Awesome major key peice.* But * There is one reason it is awesome. Because of the minor key stuff that preceeds it. If it wasn't for that minor key stuff, would it still be effective? Sure. But not *as* effective.

Cheers.


----------



## alphabetgreen (Mar 10, 2009)

RiffWraith @ Wed 11 Mar said:


> I have but one thing to add to this discussion. Some food for thought here:
> 
> 
> 
> ...



I absolutely couldn't agree more. In fact it's one of the few pieces where I've welcomed the sudden climatic appearance of major.


----------



## RiffWraith (Mar 11, 2009)

alphabetgreen @ Wed Mar 11 said:


> I absolutely couldn't agree more. In fact it's one of the few pieces where I've welcomed the sudden climatic appearance of major.



You ever hear Mozart's 41st "Jupiter"?


----------



## alphabetgreen (Mar 11, 2009)

RiffWraith @ Wed 11 Mar said:


> alphabetgreen @ Wed Mar 11 said:
> 
> 
> > I absolutely couldn't agree more. In fact it's one of the few pieces where I've welcomed the sudden climatic appearance of major.
> ...



Sure, but I'll have to refamiliarise myself with it. I'll grab it from my mum's tonight.


----------



## clarkcontrol (Mar 16, 2009)

I do believe its easier to write a down-tempo minor than an up-tempo major.

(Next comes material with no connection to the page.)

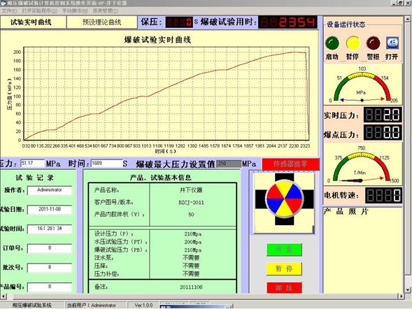 本系统内置本公司自主研发的专用控制软件,操作界面人性化,软件性能成熟稳定无缺陷,可以任意设定试验项目、压力值、保压时间等各种试验参数。完善的人机交互界面,制定试压方案后会通过弹出窗口的形式引导操作员完成实验。通过对话框上“确定”,“取消”按钮对相对危险(例如爆破实验)的试验项目,让程序员进行确认,确定实验的准确与安全。软件可根据用户技术要求更改功能,可按照用户自定义界面及功能编制,以双方最终沟通需方认可的界面为准。
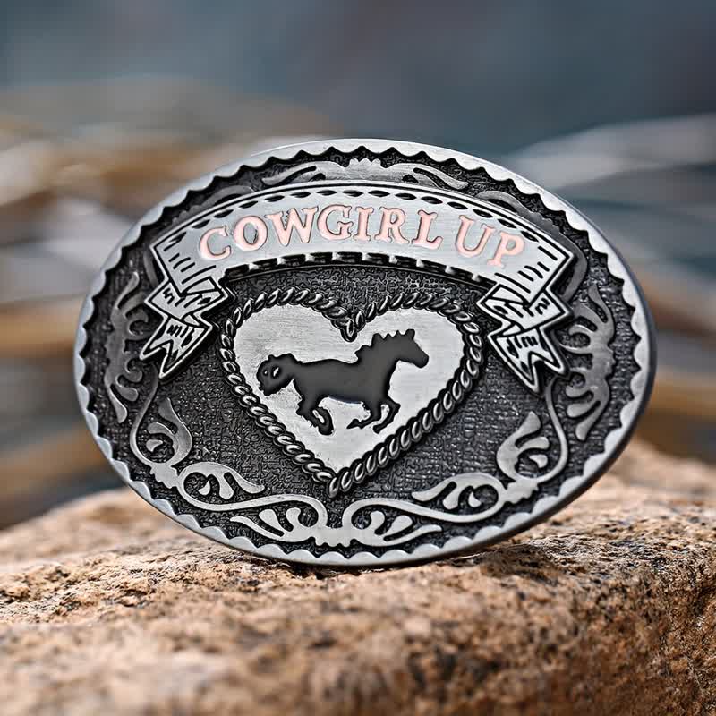 Dark silver with floral scrip, a detailed hear with the silhouette of a horse, and a banner reads in pink COWGIRL UP. Show your western heart and your toughness with this buckle.

Whether the minor piece is actually better than the major is something else entirely.

I play piano for ballet classes as a day gig, improvising classical major and minor etudes alternately throughout the class. Inevitably, when the choreography calls for a dramatic adagio, it is "easier" to reach for a minor. Still, I force myself to play whatever mode I've been dealt, as I feel that I need to give the same creative time to each sound. Otherwise, it will never get easier.

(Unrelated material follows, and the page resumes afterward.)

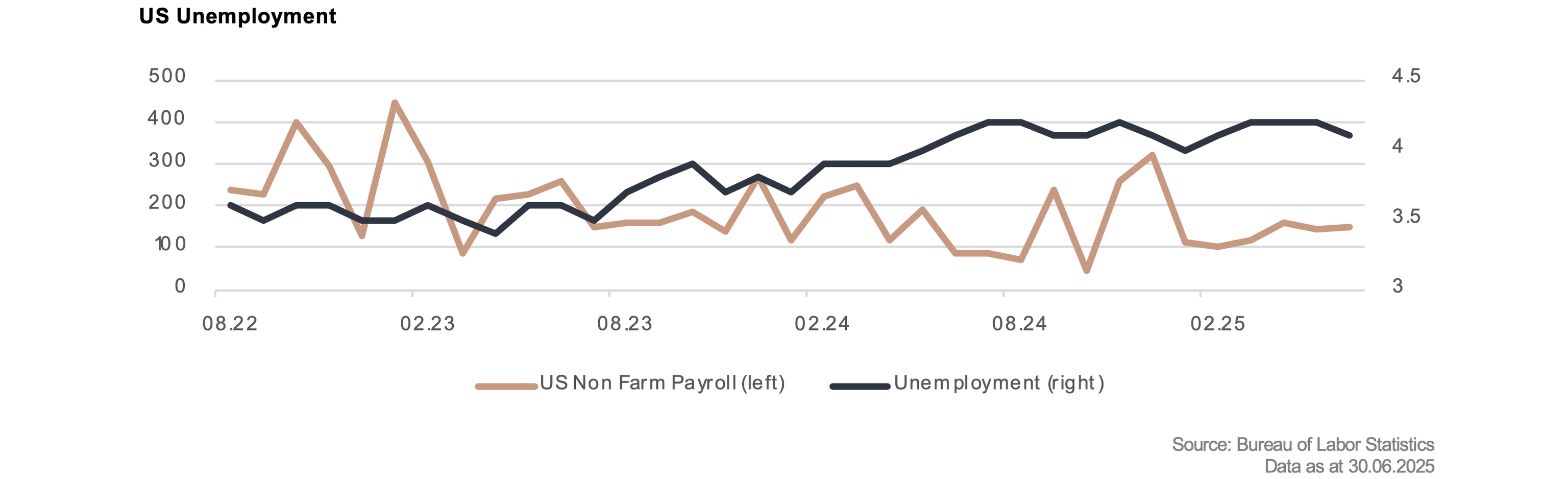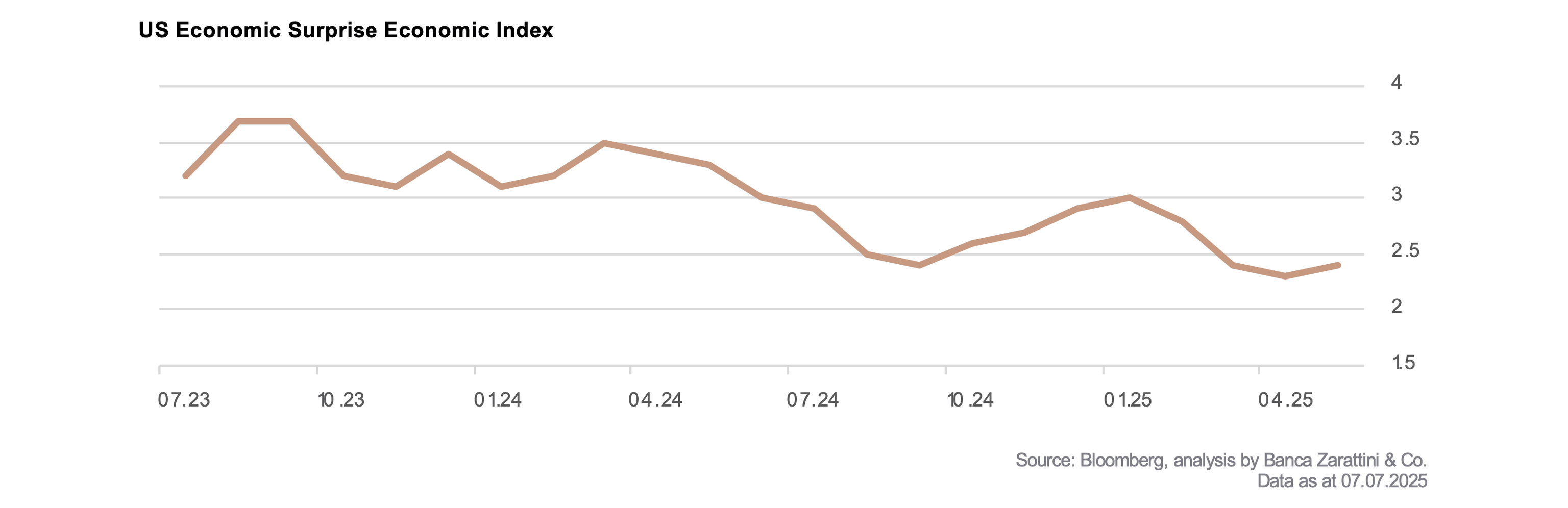Indeed, annual inflation growth remained at around 2.4% in May, down from 2.9% at the end of the year, and employment indicators remained stable. This confirms the substantial resilience of the US economic cycle and suggests that the impact of this regime change will be difficult to identify. While some initial indicators suggest a cooling phase in the cycle, these are within the normal parameters of variability and are also distorted by the front-loading effect of the first quarter. While it is therefore difficult to ascertain the true robustness of the macroeconomic data with certainty, there are certainly no signs of a recession, which can be ruled out for now.

Now, I'm aware of the points made here in this thread, but we have to remember that the cultural references present in modern film scores are sufficiently darker than an equivalent from fifty years ago. So it feels more "natural" to hear that minor sound.

Love themes from the mid century were all in a major key, now, not that many (for example).

Back many hundreds of years ago, triplet meter was considered divine (symbolizing the holy trinity) while duple meter was lascivious and of the flesh. Now, however, most sacred music is in common time.

Clark


----------